As he swung along, he thought that if he ever got in trouble, real bad trouble, he might find an ally in Leemon Jones. He bet he could have made Leemon’s eyes stick out like marbles if he had told him he had once heard Abraham Lincoln make a speech.
At daybreak next morning, Jeff saddled, mounted and, joining hundreds of hard-faced Watie riders, rode twenty miles north to Elk Creek, where Cooper’s rebel battleline was being formed on both sides of the Texas Road. In the timber north of the creek, they dismounted and, building log barricades, awaited the onslaught of Blunt’s Union army.
Jeff could hear cannon fire north of him and he knew that the Union artillery commanded by Hopkins and Smith had gone to work on the rebel artillery. He couldn’t help feeling excited and uneasy. He had never gone to battle under such strange circumstances. Horrified at the possibility of fighting his friends, he had to stay and try to get the information Blunt wanted. Besides, if he left now it would draw suspicion on Bostwick. Keeping his eyes open, he had a good view of the rebel preparations for the battle.

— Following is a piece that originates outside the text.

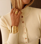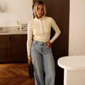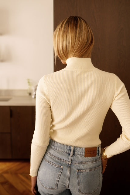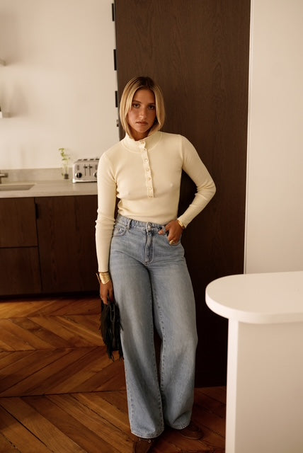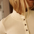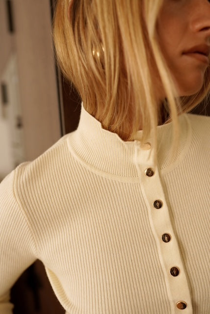 Malha essencial com botões dourados e em meia gola. Combine com uns jeans.

Cooper’s army consisted mainly of Texans and Indians. Jeff saw the Texas cavalry riding their little mustangs into position in the rebel center. They were mostly blond men, who controlled their mounts with chain bits and thrust their booted feet into big, wooden ox-yoke stirrups. Cooper posted on his left two Creek regiments commanded by Colonel D. N. McIntosh. His right wing was composed of Watie’s First and Second Cherokee regiments of which Jeff was now a part.
Jeff was most surprised of all when he saw Cooper’s reserve, a regiment of Choctaws and Chickasaws. Before he s
aw them, he could hear the jingling of the little bells and rattles they wore on their arms and in their horses’ bridles.

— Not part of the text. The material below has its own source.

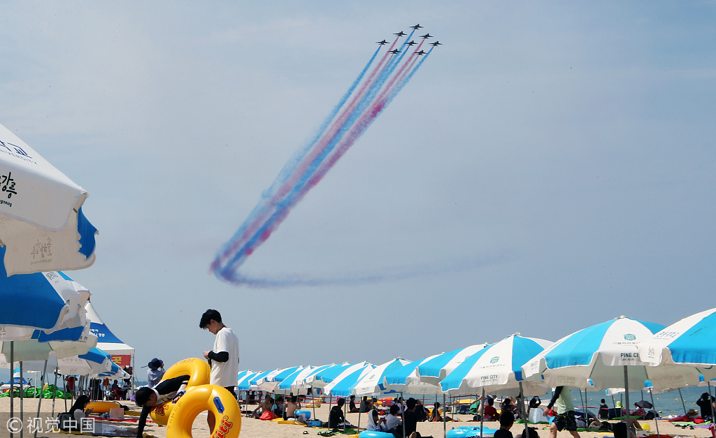 韩国空军黑鹰特技飞行队献技,海滩游客边避暑边赏飞行大片。

Then they appeared through the trees, mounted on their small ponies. Their faces were painted orange and green. Although they looked active and sinewy in their buckskin hunting shirts and leggings, Jeff was amazed to see that their weapons consisted only of obsolete Indian rifles, knives and tomahawks. They were whooping and yelling shrilly as though to keep up their courage in spite of their incredible lack of fire power.
A crackle of musket fire broke out ahead, and the Watie men began to unsling their weapons, mostly shotguns and oneshot Southern Enfields with brass mountings.
In plain hearing of nearly everybody in the detail, Fields, the bossy rebel sergeant, ordered Jeff to the rear. “Yore too young for the front line,” he said, curtly. “We fight dismounted with every fo’th man holdin’ fo’ hosses in the rear. Today you’ll stay in the rear and be a hoss-holder.” He thrust his reins into Jeff’s hand.
“Yes, sir,” said Jeff, saluting.
He took the reins, secretly pleased that he wouldn’t have to oppose his own side in battle. Bostwick wasn’t so lucky.
The Missourian was drafted for duty on the firing line but he seemed to be taking it well. As he trudged off to the front, his boots clumping awkwardly in the underbrush, he winked at Jeff and reaching behind him, patted his canteen, still one-half full of cold Union coffee.
A shower of rain fell about an hour before the battle began, rendering the rebel powder, obtained from Mexico, useless. In the damp weather it became pastelike and would not ignite. Jeff heard some Creek soldiers complaining because even when they built fires, they could not dry out their wet musket caps.
When the Northern bombshells, screeching through the trees overhead, began exploding with a roar, setting the grass and brush afire, it took all of Jeff’s strength to hold the four saddled horses he had been entrusted with. Soon, rebel after rebel began to pass him, running from the front.